Financial modeling involves building a startup’s financial projections for investors to assess future growth prospects. It summarizes expenses, income, and financial decisions. Investors rely on credible numeric information to evaluate the viability of a unique business idea. A well-constructed financial model showcases a startup’s potential value and competitiveness in the market. Creating a financial model varies based on the startup’s nature, representing its economic considerations uniquely.
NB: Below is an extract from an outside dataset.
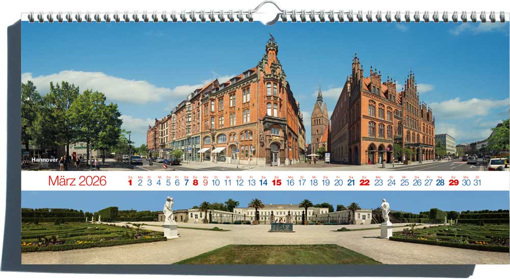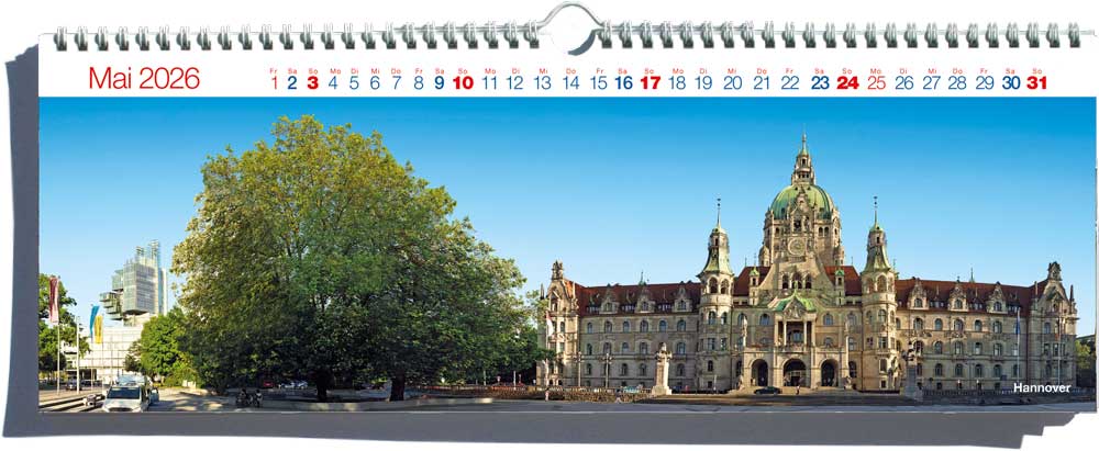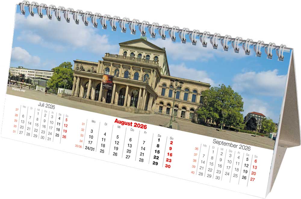 Mit 52 Seiten für Termineinträge. Der Planer liegt nicht nur flach auf dem Schreibtisch, um Termineinträge vorzunehmen: Der Planer ist ein Aufstellkalender mit dem aufgestellten Panoramafoto, das wöchentlich wechselt.

It is crucial for making vital financial decisions in the corporate world, guiding investors to understand the startup’s financial health and prospects effectively.

Where is Financial Modelling Used For?

Financial models enable better financial decisions and find applications in various areas:

  1. Valuation: Financial models determine the fair value and startup valuation.
  2. Long-Term Planning: They aid in setting long-term goals based on different scenarios.
  3. Cost of Capital: Models assist in deciding the cost of capital for new projects.
  4. Resource Allocation: They help allocate resources for investments and expenditures.
  5. Fundraising: Financial models validate numbers presented to investors, facilitating fundraising efforts.

Who Needs a Financial Model & When Do You Need One?

Financial models are essential for various users and scenarios:

  1. Investment Banks: They use financial models for valuations in M&A or fundraising deals.
  2. Bankers and Credit Analysts: Financial models aid in credit rating decisions for projects or companies.
  3. Accountants and Valuation Advisors: They use financial models to develop valuation projections.
  4. Research Analysts: Financial models help in determining buy or sell ratings for securities.
  5. Companies: Financial models assist in creating funding plans and assessing finances and projects.
  6. New Entrepreneurs (Startups): They use financial models to impress potential investors and secure funding by presenting their plans and strategies.